SUPPLIED MATERIAL:
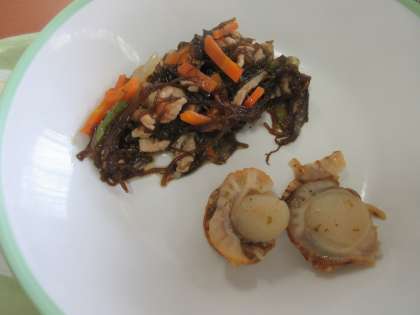 今日の給食 公開日 2022/08/30 更新日 2022/08/30 給食 2学期の給食がスタートしました。 たくさん食べて、元気100倍です!! ごはん 牛乳 ほたての香味焼き もずくのチャプチェ ごまけんちん 黒糖大豆
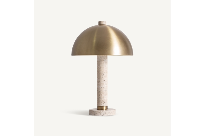 Lámpara de sobremesa de estilo art deco, fabricado en travertino en color marfil, combinado con hierro en color oro. Producto desmontable.
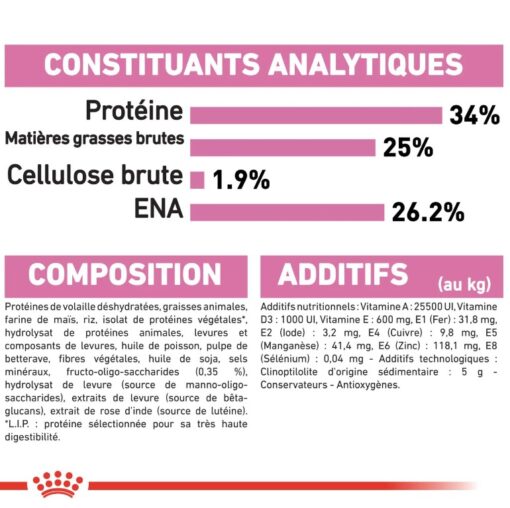 Composition : protéines de volaille déshydratées, graisses animales, farine de maïs, riz, isolat de protéines végétales*, hydrolysat de protéines animales, levures et composants de levures, huile de poisson, pulpe de betterave, fibres végétales, huile de soja, sels minéraux, fructo-oligosaccharides (0,35 %), hydrolysat de levure (source de mannan-oligosaccharides), extraits de levure (source de bêta-glucans), extrait de rose d’Inde (source de lutéine).
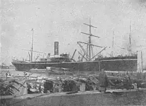 SS Aden was a British passenger screw-steamship launched on 5 October 1891 and completed by Sir Raylton Dixon and Co. in Middlesborough in 1892. She was 366 feet in length, 46.1 feet in breadth, while her tonnage was 3,925.0 gross tonnage.[1] The Aden was powered by one triple expansion direct acting vertical engine of 2,050 hp. She was owned by the Peninsular and Oriental Steam Navigation Company (P&O) and was the second of three ships to be so named. She was lost at sea on 9 June 1897[1] with the loss of much life off the east coast of Socotra while carrying passengers from Colombo in Sri Lanka to London.[2]

YOUR TASK: Every line from the top of the material above through the line with "Lámpara de sobremesa" should be duplicated exactly, please; leave out the pictures.

SOLUTION TO THE EXERCISE:
 今日の給食 公開日 2022/08/30 更新日 2022/08/30 給食 2学期の給食がスタートしました。 たくさん食べて、元気100倍です!! ごはん 牛乳 ほたての香味焼き もずくのチャプチェ ごまけんちん 黒糖大豆
 Lámpara de sobremesa de estilo art deco, fabricado en travertino en color marfil, combinado con hierro en color oro. Producto desmontable.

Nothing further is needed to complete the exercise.